Sinergi dengan Produsen Lokal
Alih-alih bersaing, motor listrik nasional semestinya melibatkan produsen lokal dalam rantai pasoknya. Dengan menjadi off-taker komponen dari perusahaan dalam negeri, program ini justru akan menggairahkan industri penunjang. Model kolaborasi semacam ini telah sukses di negara-negara yang mengembangkan kendaraan listrik nasional, seperti di China dan India. Produsen lokal, yang kini mungkin hanya bermain di segmen rakitan, bisa naik kelas menjadi pemasok komponen inti. Hal ini akan memperkuat fondasi industri motor listrik nasional secara keseluruhan. Pemerintah bisa menetapkan standar nasional yang kompatibel sehingga produk-produk lokal pun bisa memenuhi kebutuhan program, menciptakan win-win solution.
Arah Kebijakan yang Berkelanjutan
Motor listrik nasional di bawah komando Prabowo memiliki potensi besar sebagai ikon kebanggaan, tetapi harus dikawal agar tidak menjadi proyek yang sia-sia.
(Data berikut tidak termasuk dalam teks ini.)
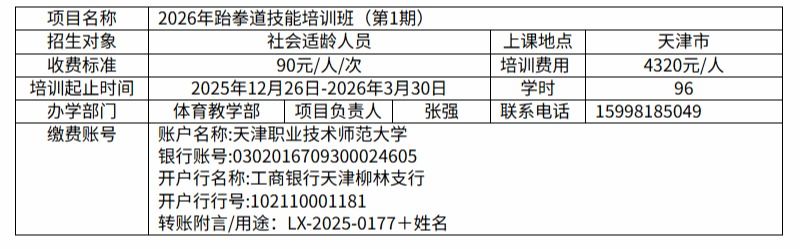 LX-2025-0177 2026年跆拳道技能培训班(第1期)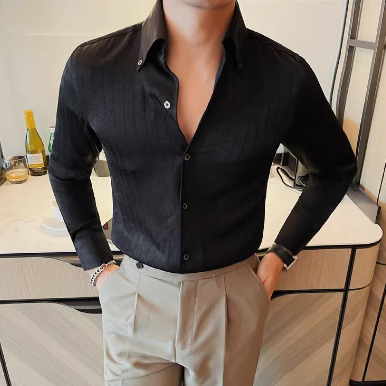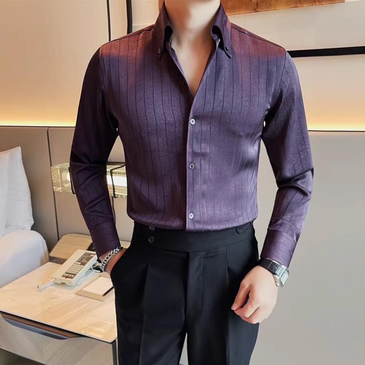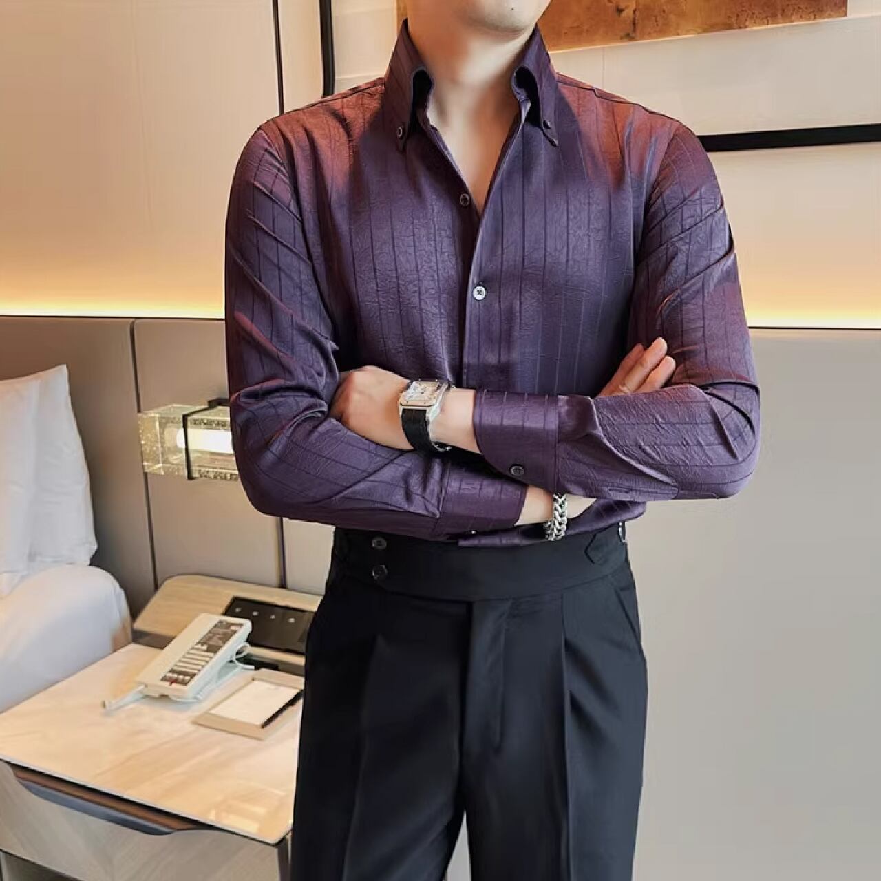 ダークストライプシャツは、ハイエンドなビジネスカジュアルスタイルにピッタリの一枚。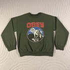 Vintage Obey Sweatshirt Mens Medium Green Wolf Graphic Crewneck Streetwear

Dengan menghindari ceruk pasar yang sudah diperebutkan, fokus pada segmen yang belum tergarap, serta menggandeng industri lokal, program ini bisa menjadi lokomotif pertumbuhan baru. Pemerintah perlu segera melakukan pemetaan pasar secara komprehensif dan berdialog dengan para pemangku kepentingan agar motor listrik nasional benar-benar lahir sebagai solusi, bukan masalah baru. Momen ini adalah ujian bagi visi besar Prabowo untuk mewujudkan kendaraan listrik karya anak bangsa tanpa mematikan mereka yang selama ini telah memulainya.